Introduction
We will go over How To Find All Links In Page Using Python.
Did you know that you can use Python to extract all URLS in a page?
Processing a webpage and finding things could be a tedious task especially if you are trying to automate this task. Today we will cover a way for you on how to accomplish this.
We will break down this in the following sections:
- Why it is useful to use Python to find all URLS in a page
- How To Find All Links In a Page
- Testing Our Code With Various Pages
I have used this successfully in various projects and it works very well and has saved me a ton of time finding urls in webpages.

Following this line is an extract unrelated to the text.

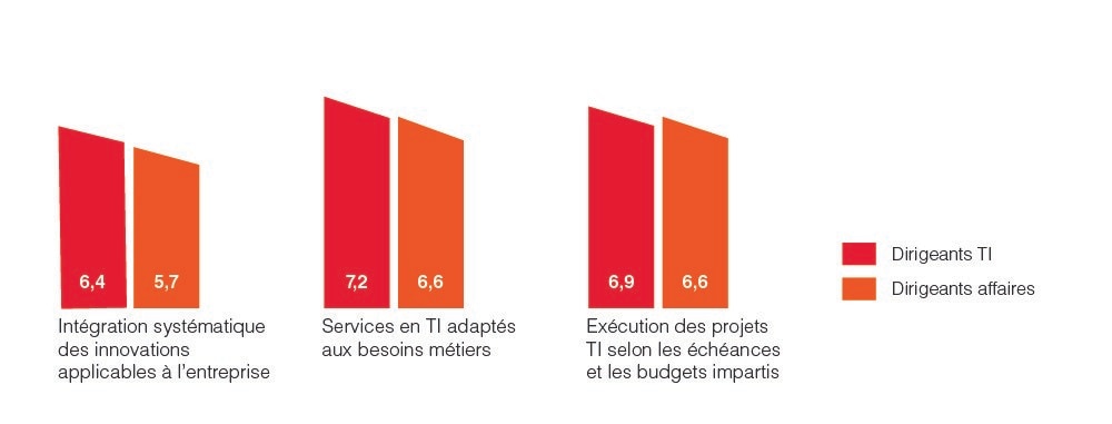 Pour la troisième année consécutive, nous avons demandé aux dirigeants des équipes métiers et IT d’évaluer leur satisfaction au sein de leur propre organisation IT en fonction des 10 principaux attributs d’une organisation de TI de classe mondiale. Pour la plupart des attributs, les dirigeants des fonctions métiers indiquent des niveaux de satisfaction moins élevés à l’égard de leurs DSI internes que les dirigeants informatiques. C’est l’intégration systématique des innovations qui reçoit la note la plus faible de 6,2, même si elle enregistre une hausse de 0,5 point par rapport à 2019.

We will go point by point on getting you up and running in less than 5mins, you do not need to have any programming knowledge to use the tool we are going to be developing here.
This is a complete guide and should cover all your questions on using Python to extract links from a page.

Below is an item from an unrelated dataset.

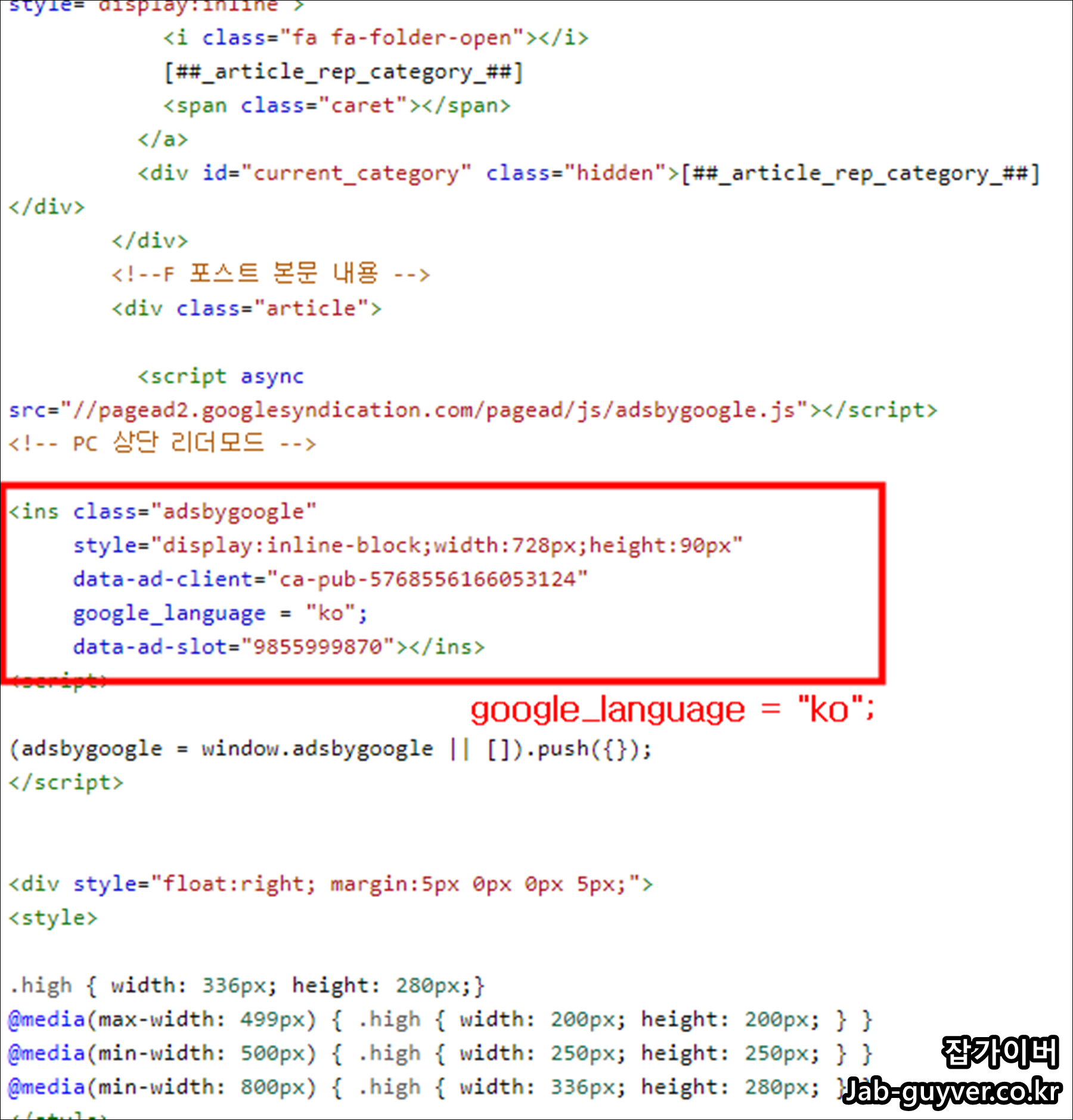 광고 코드를 보게 되면 하단에 아래 언어 명령어를 추가합니다.

All code and examples on how to do this can be found in the Github link here.
Why It Is Useful To Use Python To Find All URLs In A Page
Before we start going over any coding, I would like to take sometime and list some of the reasons as to why I would use Python to automate finding all the links in a webpage. While there are many reasons to do this programmatically as a task, there are even more compelling reasons as to why you would want to do this with Python in specific.
Lets go over the list and analyze them point by point.
- Python offers two great libraries for handling the majority of this process.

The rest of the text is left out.